### Exercise directions
Quote the whole listing exactly. Leave the pictures out of your copy.
[[ Records provided open ]]
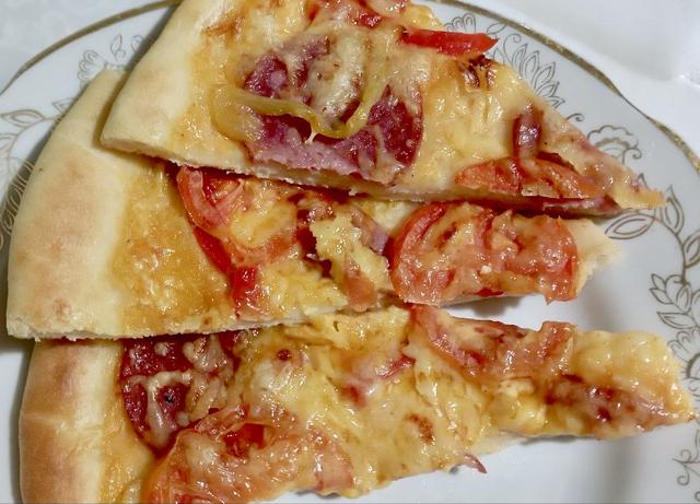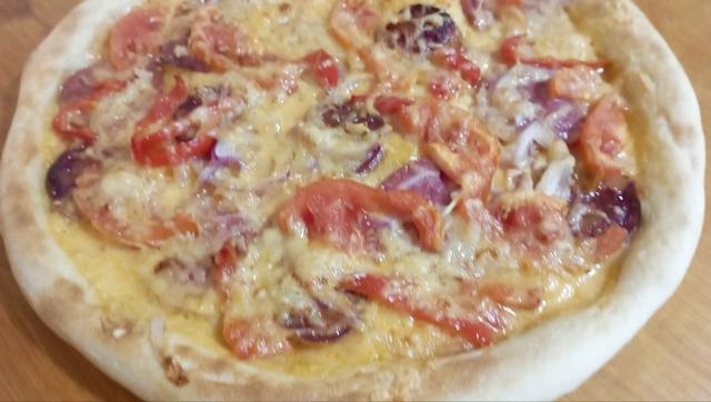 Пицца с помидорами и салями
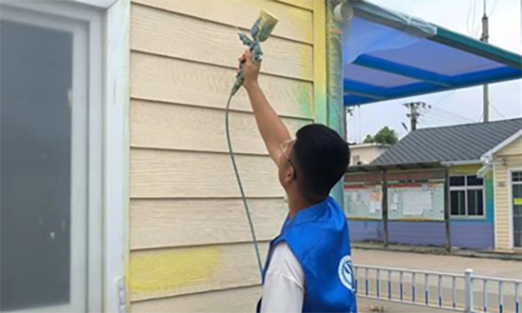 清衿之志,履践致远。成员们结合自身的专业知识和当地需求,对游客接待中心进行墙体喷绘设计。在设计过程中,融合当地文化及彩虹小巷的含义,进行喷绘美化,突出展示了乡村旅游特色。
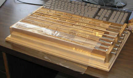 Los corchos se aplicó con pegamento en los extremos y poner en la plantilla, uno por uno. Luego los pernos al final se aprieten suavemente para sostenerlos en su lugar como el adhesivo se seque. Más adelante las unidades se retiran para su uso en los tableros de corcho. Este sistema permite tratar las juntas de corcho como una línea de producción si desea hacerlo de esa manera.
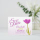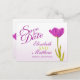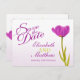Vacker ensam lila tulpan på grå rosa rustik färg spara datum bröllop informell inbjudan. Redigera denna inbjudan med dina egna ord. Enkel modern och romantisk inbjudan, perfekt för ett vår- eller tulpanblomsbröllop. Design och fin konst akvarell tulpanmålning av Sarah Trett.
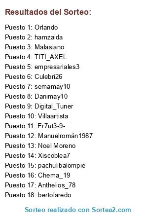 Lista de participantes: empresariales3, Culebri26, bertolaredo, Xiscoblea7, semamay10, pachulibalompie, Digital_Tuner, Chema_19, Danimay10, Villaartista, Er7ut3-9-, Manuelromán1987, hamzaida, TITI_AXEL, Malasiano, Anthelios_78, Noel Moreno, Orlando.
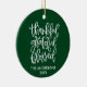 Calligraphy Thankful Grateful Blessed Green Ceramic Ornament
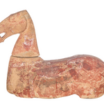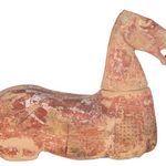 Chinese, Han dynasty (206 BCE?220 CE). Painted, a hollow-sculpted polychrome terracotta statuette, with an opened mouth, depicting the upper body of a naturalistically rendered horse. Archaeological evidence shows that these horses typically were fitted with wood legs which rarely have survived intact
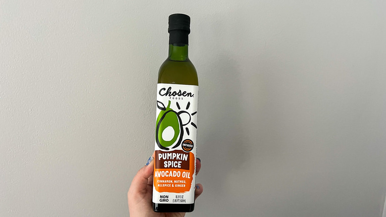 New for 2024, Chosen Foods has debuted a bottle of its signature avocado oil infused with a blend of cinnamon, ginger, nutmeg, and allspice. Before you roll your eyes at the thought of a pumpkin spice avocado oil, imagine the culinary possibilities. Avocado oil is typically a neutral oil, making it ideal for frying, roasting, and even baking. Now, envision all of your favorite fall recipes with the flavors turned up to 11 thanks to an oil packed with all the best seasonal spices. Try using Chosen Foods Pumpkin Spice Avocado Oil for roasting butternut squash, as the fat in pumpkin muffins, or even for tossing with sweet potato fries before air frying. Order a bottle of this limited-edition avocado oil on Chosen Foods' website before it sells out.
[[ Records provided closed ]]
### Final answer
 Пицца с помидорами и салями
 清衿之志,履践致远。成员们结合自身的专业知识和当地需求,对游客接待中心进行墙体喷绘设计。在设计过程中,融合当地文化及彩虹小巷的含义,进行喷绘美化,突出展示了乡村旅游特色。
 Los corchos se aplicó con pegamento en los extremos y poner en la plantilla, uno por uno. Luego los pernos al final se aprieten suavemente para sostenerlos en su lugar como el adhesivo se seque. Más adelante las unidades se retiran para su uso en los tableros de corcho. Este sistema permite tratar las juntas de corcho como una línea de producción si desea hacerlo de esa manera.
Vacker ensam lila tulpan på grå rosa rustik färg spara datum bröllop informell inbjudan. Redigera denna inbjudan med dina egna ord. Enkel modern och romantisk inbjudan, perfekt för ett vår- eller tulpanblomsbröllop. Design och fin konst akvarell tulpanmålning av Sarah Trett.
 Lista de participantes: empresariales3, Culebri26, bertolaredo, Xiscoblea7, semamay10, pachulibalompie, Digital_Tuner, Chema_19, Danimay10, Villaartista, Er7ut3-9-, Manuelromán1987, hamzaida, TITI_AXEL, Malasiano, Anthelios_78, Noel Moreno, Orlando.
 Calligraphy Thankful Grateful Blessed Green Ceramic Ornament
 Chinese, Han dynasty (206 BCE?220 CE). Painted, a hollow-sculpted polychrome terracotta statuette, with an opened mouth, depicting the upper body of a naturalistically rendered horse. Archaeological evidence shows that these horses typically were fitted with wood legs which rarely have survived intact
 New for 2024, Chosen Foods has debuted a bottle of its signature avocado oil infused with a blend of cinnamon, ginger, nutmeg, and allspice. Before you roll your eyes at the thought of a pumpkin spice avocado oil, imagine the culinary possibilities. Avocado oil is typically a neutral oil, making it ideal for frying, roasting, and even baking. Now, envision all of your favorite fall recipes with the flavors turned up to 11 thanks to an oil packed with all the best seasonal spices. Try using Chosen Foods Pumpkin Spice Avocado Oil for roasting butternut squash, as the fat in pumpkin muffins, or even for tossing with sweet potato fries before air frying. Order a bottle of this limited-edition avocado oil on Chosen Foods' website before it sells out.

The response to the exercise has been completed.